Thursday, May 17, 2007

Forgotten but Not Gone

My semester is over.
Okay, it's not over. I still have one make-up to administer, then correct; another make-up to correct; and I have [x] students who will be completing the semester before the university's No-Really-Now-You-Have-To-Be-Finished date.
My subject is one that allows for multiple choice exams, and the university structure is such that encourages them. Plus, I find them helpful. There's a right answer and three or four wrong ones. If you pick the right answer, you win! the point; if you don't, you lose it. Why do I like this? Because there is no room for a student to say "You just didn't like me, that's why I have such a low grade," and there is no opportunity for me to say, even unconsciously, "Well, I do feel sorry for this person, I'll just grade them lightly." It's fair to everyone.
And yet I've spent the last week fielding requests for a better grade. "I'm so close, can you just...?"
I think my favorite is the person who threw in every single possible sob story you've heard or seen on blogs -- except illness -- into why s/he should get a better grade. This student came to meet with me after all the in-class exams had been administered, ostensibly for help, but said as s/he was leaving "Well, I just wanted you to meet me."
Oh, wait; maybe my favorite person was the one who demanded that I produce evidence that my grading system was comperable to the rest of the departments' grading. Because I'm the one who's supposed to run around and do all kinds of extra work to defend myself -- to the person who failed every exam and never came for extra help.
Did I mention I'm frustrated?
See, my university is a state university; while somewhere between a few to several of the graduate programs are among the best in the country, the undergraduate pool comes almost exclusively from in-state -- and therefore is highly non-competitive. I am well aware that there are good students here. We even have brilliant ones: one undergraduate alum went onto graduate school in a humanities subject, and landed a job straight out of graduate school with one of the most prestigious universities for that subject in the country. But such students are rare.
I love teaching: I love the expounding, but I also love helping people understand things, and I would love to inspire people with the love of understanding things too. But 95% of my feedback is from people who don't care about the subject, about learning, about curiosity.
So I'm frustrated.

4 Comments:

Anonymous Anonymous said...

Heh, that just happened for an undergrad alum of your school in my field -- are we talking about the same guy?

Are your courses like the intro ones in my ex-dept, where they are carefully crafted to fit into one of the subject matters all undergrads take while being easier than, say, math or first year Chinese?

And you're back blogging! Hi.

10:49 AM EST  
Blogger ceresina said...

No - so there's another one! I do, I know they're out there, they're just-- very quiet.

And no, our 101 courses are fairly uncrafted & required for the major. (I think your ex-department's aren't?) I'd have been a much worse professor if they had to be crafted like that.

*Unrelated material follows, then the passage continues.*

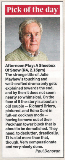NOMINATED Best Original Audio Drama, BBC Audio Drama Awards 2013 | SHORTLISTED Nick Darke Award 2010 (as a work in progress) | PRODUCED BY Justine Potter for Red Production Company / Savvy Productions, for BBC Radio 4 | FIRST BROADCAST 16 Sep 2011 | CAST Joe Armstrong, Edna Doré, Richard Briers, Julie Mayhew
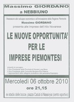 Mercoledì 6 ottobre alle ore 21,15 a Nebbiuno l'Assessore allo sviluppo economico e all'innovazione della Regione Piemonte Massimo GIORDANO presenterà alle Imprese dell'Alto Novarese le NUOVE OPPORTUNITA' PER LE IMPRESE PIEMONTESI

And thanks! it's nice to be back!

11:10 AM EST  
Anonymous Anonymous said...

Two! Unbelievable.

Actually, I know this entirely because someone from your school in my field (as a grad student) applied for the same job (= prob the most prestigious job in this subfield, at all, anywhere) and since I dislike this person, I was overjoyed that someone else got the job.

I'm not a bitch though. Honest.

It looks weird as anything when I have my undergrad from "Harvard of the North" and grad from elsewhere, though.

I think the course descriptions are crafted, not the courses. I mean, it's not hard to discuss languages other than English or maybe European languages in a linguistics course. And poof! You have "world views" or whatever it's called.

4:41 PM EST  
Anonymous Anonymous said...

your mindset at the end of the semester was so similar to mine!!

i wrote up some feedback forms for my students, as we don't get ANY feedback from the dept otherwise. as most were non-science majors coming into the class, i was under the delusion that i could/would convert a few through spectacular, glittering teaching.

ONE student wrote something about 'it was better than i thought', but it might as well have been punctuated with 'but my expectations/interest were so low, the only possible direction to go was up'

so good for you, for caring and trying and using your time/energy to talk to the students who you probably won't see again. that is one of the most impt roles of a teacher, and the hallmark of a good one.